● **EXERCISE DETAILS**: Don't include any picture when you restate the data word for word.

● **MATERIALS PROVIDED**:
BEGIN
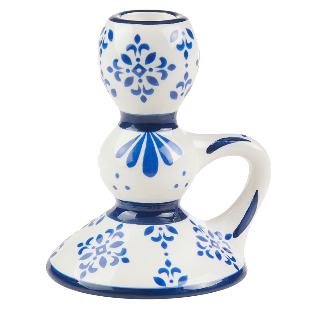 Mbajtëse qiriri, qeramike, blu/e bardhë, 9.4x10.3xH11.8 cm
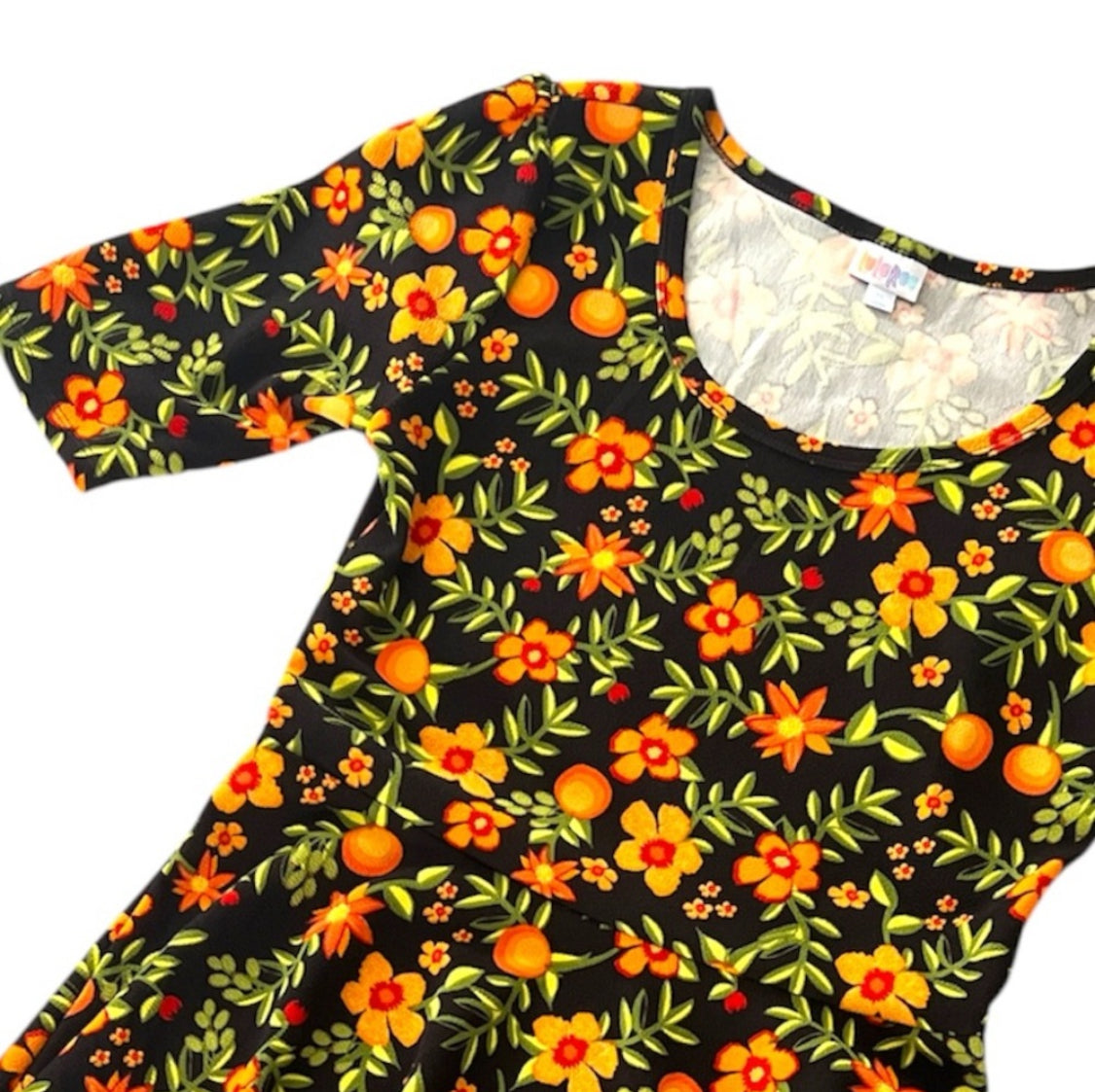 Featuring a vibrant orange floral pattern on a classic black background, a LuLaRoe Unicorn!
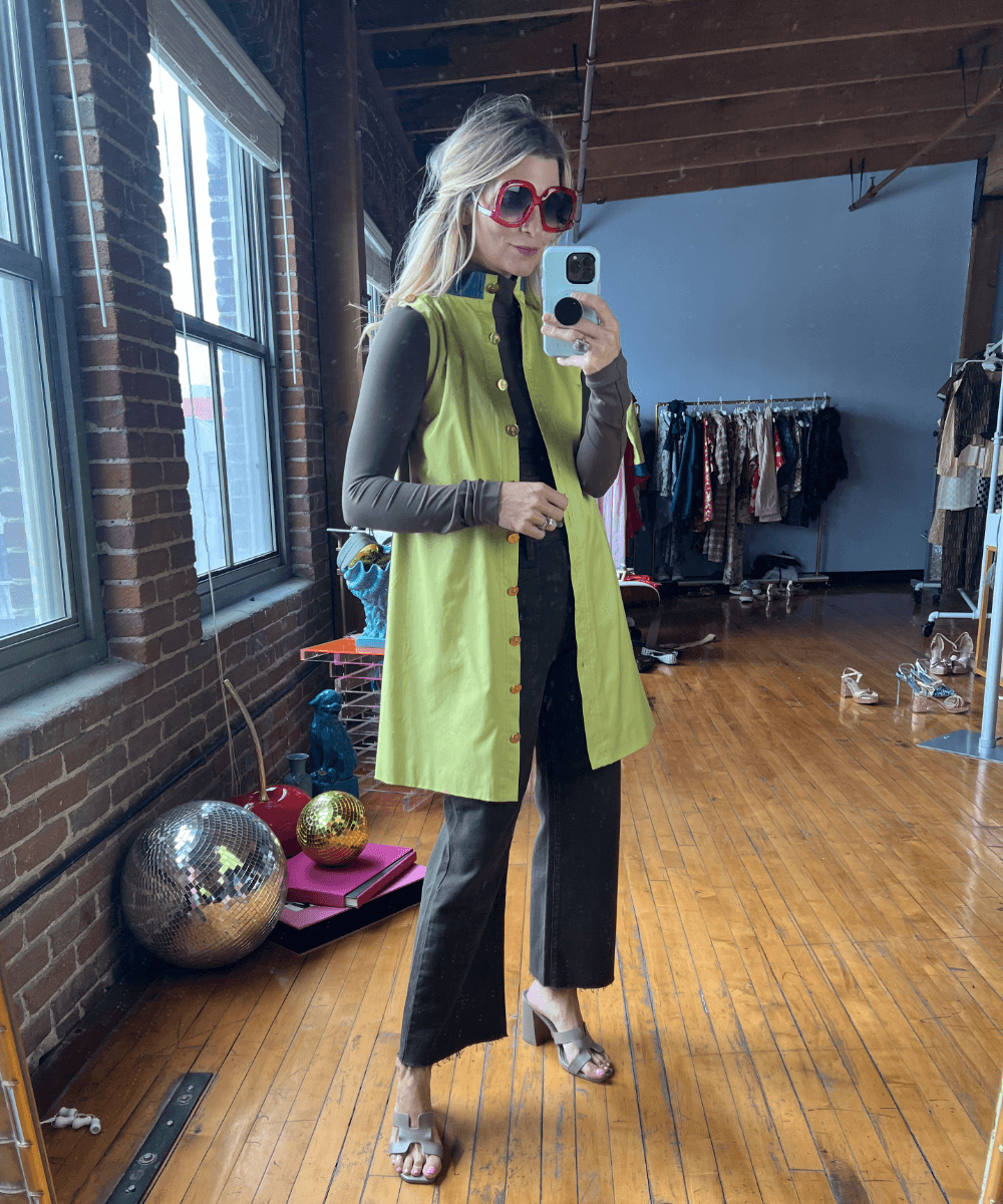 In LA, our Arts District facility uses locally sourced deadstock textiles and vintage accents exclusively, producing several of our styles from “fabric to fulfillment” under one roof. Started with just one sewer (Julia, who is still with us today!), we now employ 30 talented, full-time team members.
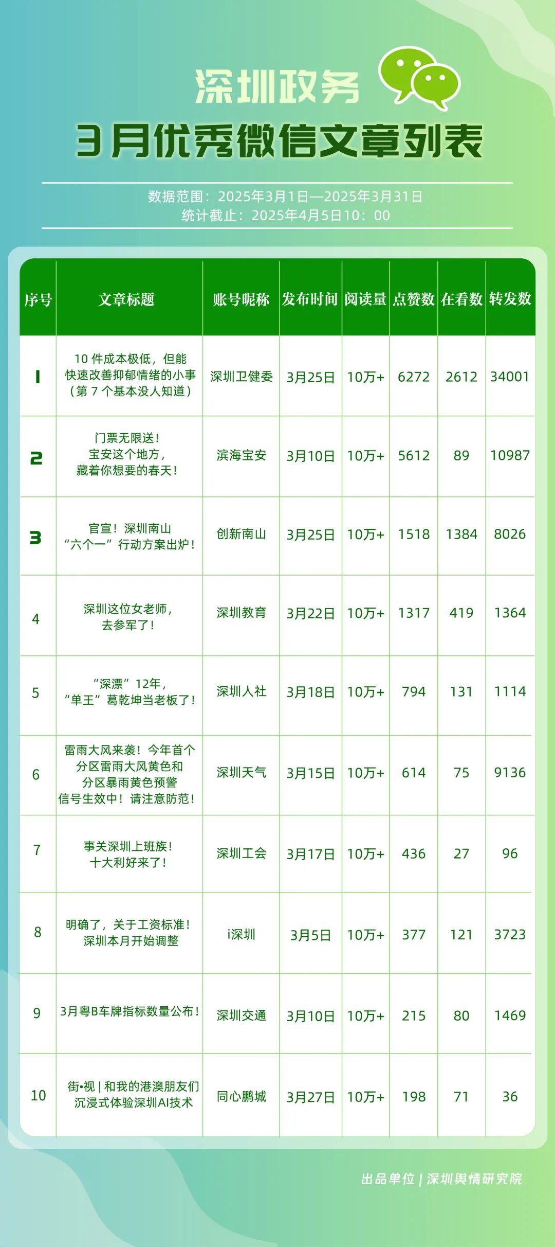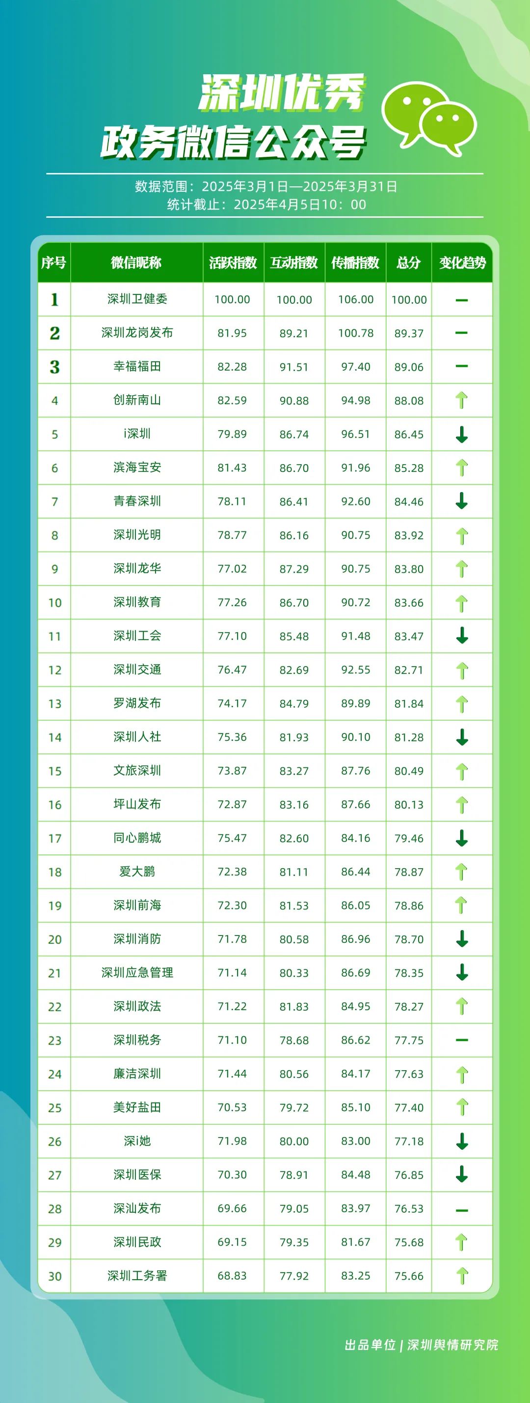 3月,包括“深圳衛(wèi)健委”“深圳龍崗發(fā)布”“幸福福田”“創(chuàng)新南山”“i深圳”“濱海寶安”“青春深圳”“深圳光明”“深圳龍華”“深圳教育”等在內(nèi)的30個賬號入選“深圳優(yōu)秀政務微信公眾號”。其中,“深圳衛(wèi)健委”超70篇文章閱讀量達10萬次以上,穩(wěn)居榜單首位;“深圳龍崗發(fā)布”也取得較好傳播效果,在3月產(chǎn)出10余篇閱讀量超10萬次的熱門文章,位于榜單第二位;“幸福福田”也積極發(fā)布高質(zhì)量內(nèi)容,穩(wěn)住榜單第三位置;緊隨其后的是“創(chuàng)新南山”“i深圳”“濱海寶安”,總分均在85分以上。這充分展現(xiàn)了深圳新媒體傳播生態(tài)體系中,各主體的傳播優(yōu)勢與影響力版圖正逐漸凸顯。
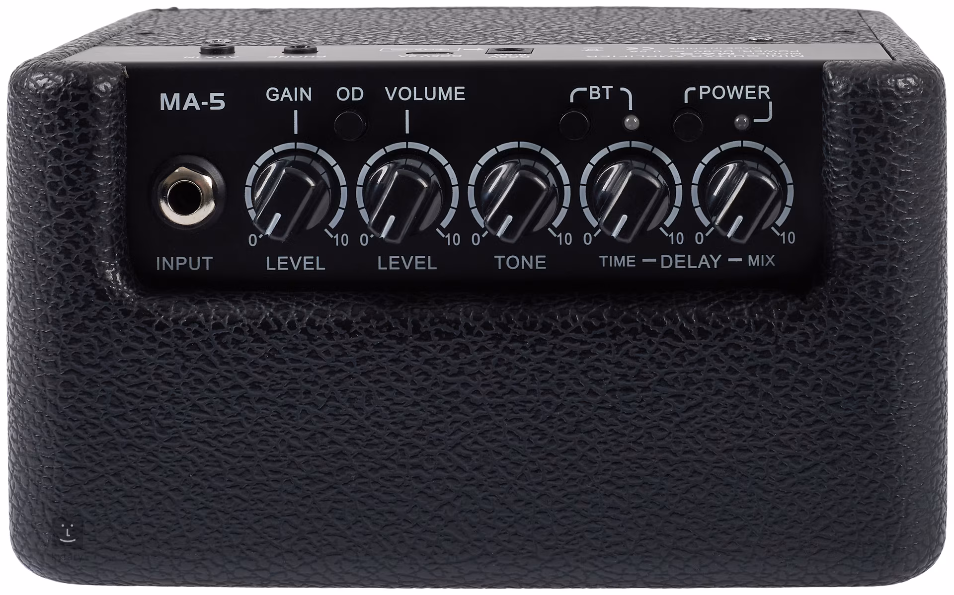 Gain Level (Input), Volume Level (Output), Tone, Delay Time, Delay Mix, OD Channel switch, Bluetooth switch
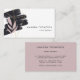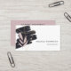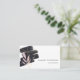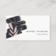 Abstract art business cards featuring black paint strokes with a gold geometric element and blush pink leaves.
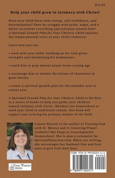 Does your child burst with energy, self-confidence, and determination? Does he struggle with pride, anger, and a desire to control everything and everyone around him? A Spiritual Growth Plan for Your Choleric Child explains the temperamental roots of your child's behavior. Designed to help Catholic parents raise virtuous children, it offers parenting tips, templates, and a handful of lesson plans. Learn how to work with your child, building on his God-given strengths and minimizing his weaknesses. Teach him to pray mental prayer from a young age. Use the book list to encourage him to imitate the virtues of characters he will love. Create a spiritual growth plan for the calendar year or school year. Whether your child attends school outside the home or is homeschooled, this book will support you in being his primary teacher for living the Christian life.
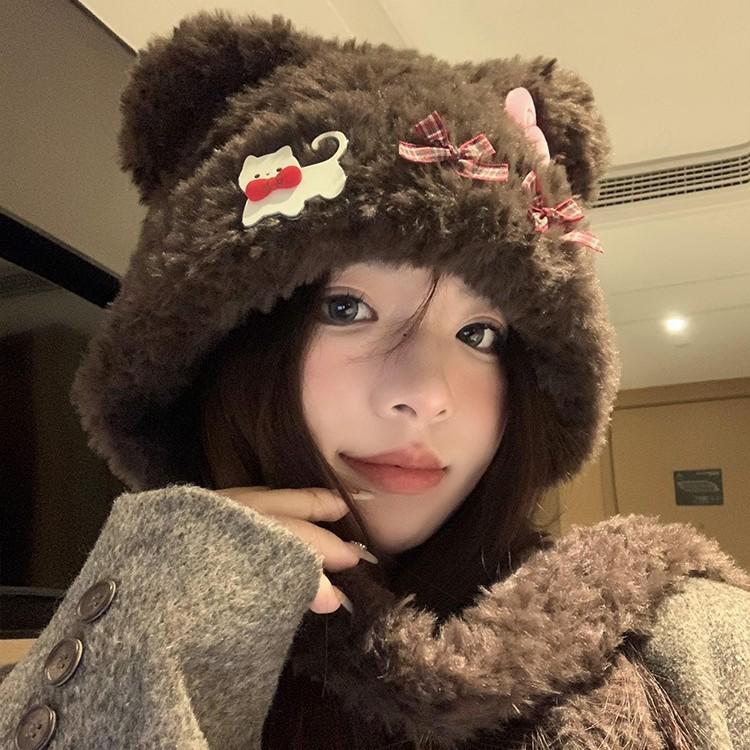 Cute bear ears cat bow plush hat female thickened warm face small hat Lei Feng hat
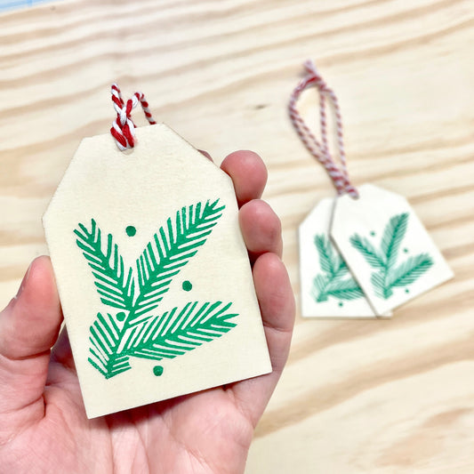 Pine Needles Gift Tags - Wood Ornaments - Green Set of 3
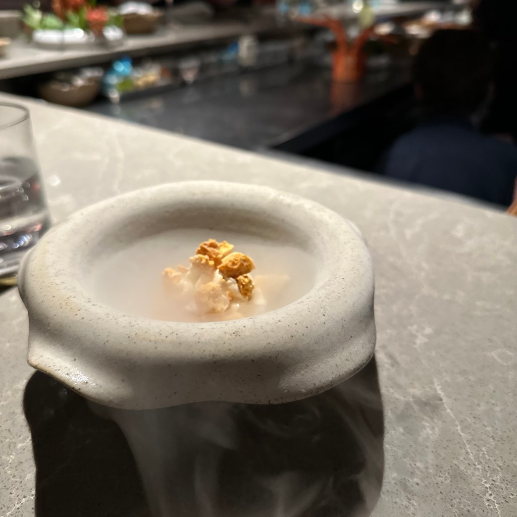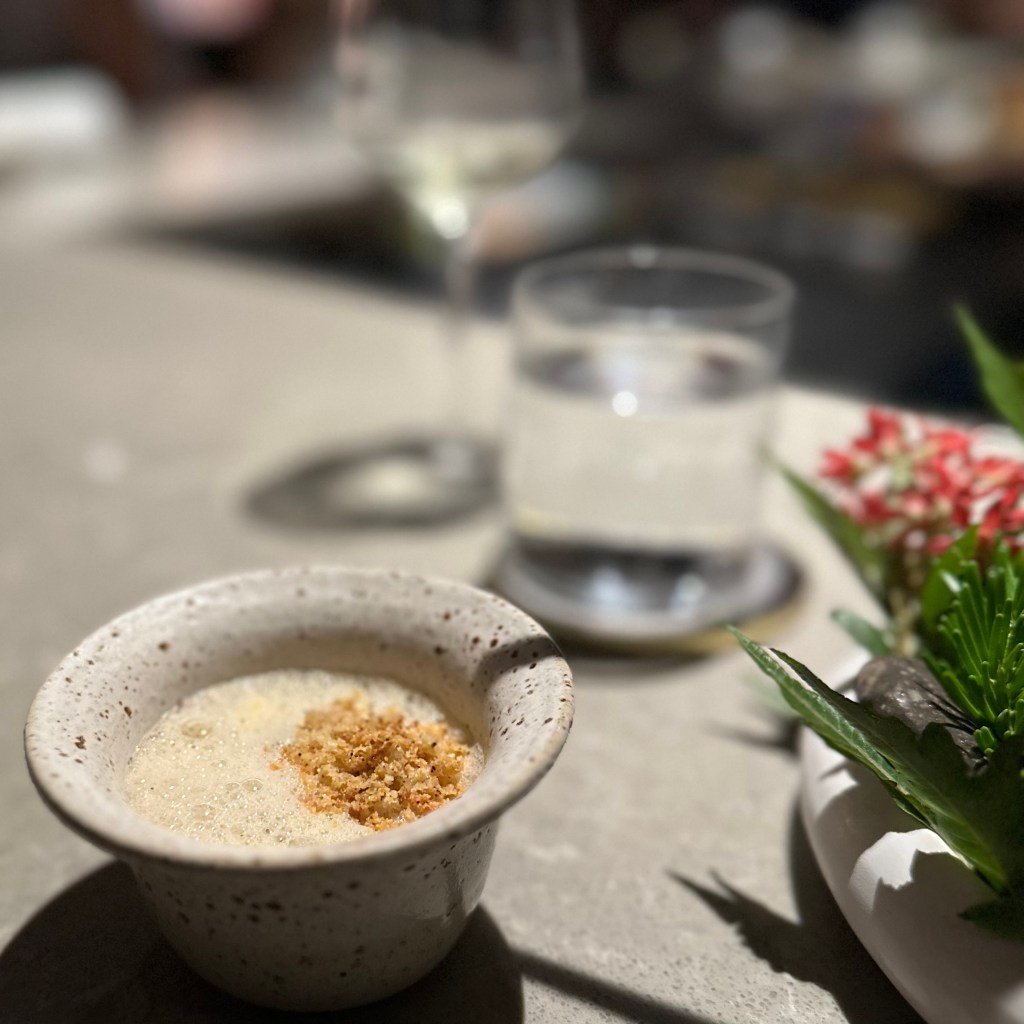 Chu-toro is the fatty part of tuna that is considered the most like the wagyu version of fish; it’s buttery and fatty and just incredibly delicious. So a generous dish of tuna Chu-toro with brown rice miso and fragrant Kombu was next, the sweet and fatty tuna underneath a lightly textured foam. We went digging and were rewarded with a sweet and subtle set of flavours that lingered on the palate for the new moments it took to look towards our next bite…
END
● **SOLUTION FOR THIS TASK**:
 Mbajtëse qiriri, qeramike, blu/e bardhë, 9.4x10.3xH11.8 cm
 Featuring a vibrant orange floral pattern on a classic black background, a LuLaRoe Unicorn!
 In LA, our Arts District facility uses locally sourced deadstock textiles and vintage accents exclusively, producing several of our styles from “fabric to fulfillment” under one roof. Started with just one sewer (Julia, who is still with us today!), we now employ 30 talented, full-time team members.
 3月,包括“深圳衛(wèi)健委”“深圳龍崗發(fā)布”“幸福福田”“創(chuàng)新南山”“i深圳”“濱海寶安”“青春深圳”“深圳光明”“深圳龍華”“深圳教育”等在內(nèi)的30個賬號入選“深圳優(yōu)秀政務微信公眾號”。其中,“深圳衛(wèi)健委”超70篇文章閱讀量達10萬次以上,穩(wěn)居榜單首位;“深圳龍崗發(fā)布”也取得較好傳播效果,在3月產(chǎn)出10余篇閱讀量超10萬次的熱門文章,位于榜單第二位;“幸福福田”也積極發(fā)布高質(zhì)量內(nèi)容,穩(wěn)住榜單第三位置;緊隨其后的是“創(chuàng)新南山”“i深圳”“濱海寶安”,總分均在85分以上。這充分展現(xiàn)了深圳新媒體傳播生態(tài)體系中,各主體的傳播優(yōu)勢與影響力版圖正逐漸凸顯。
 Gain Level (Input), Volume Level (Output), Tone, Delay Time, Delay Mix, OD Channel switch, Bluetooth switch
 Abstract art business cards featuring black paint strokes with a gold geometric element and blush pink leaves.
 Does your child burst with energy, self-confidence, and determination? Does he struggle with pride, anger, and a desire to control everything and everyone around him? A Spiritual Growth Plan for Your Choleric Child explains the temperamental roots of your child's behavior. Designed to help Catholic parents raise virtuous children, it offers parenting tips, templates, and a handful of lesson plans. Learn how to work with your child, building on his God-given strengths and minimizing his weaknesses. Teach him to pray mental prayer from a young age. Use the book list to encourage him to imitate the virtues of characters he will love. Create a spiritual growth plan for the calendar year or school year. Whether your child attends school outside the home or is homeschooled, this book will support you in being his primary teacher for living the Christian life.
 Cute bear ears cat bow plush hat female thickened warm face small hat Lei Feng hat
 Pine Needles Gift Tags - Wood Ornaments - Green Set of 3
 Chu-toro is the fatty part of tuna that is considered the most like the wagyu version of fish; it’s buttery and fatty and just incredibly delicious. So a generous dish of tuna Chu-toro with brown rice miso and fragrant Kombu was next, the sweet and fatty tuna underneath a lightly textured foam. We went digging and were rewarded with a sweet and subtle set of flavours that lingered on the palate for the new moments it took to look towards our next bite…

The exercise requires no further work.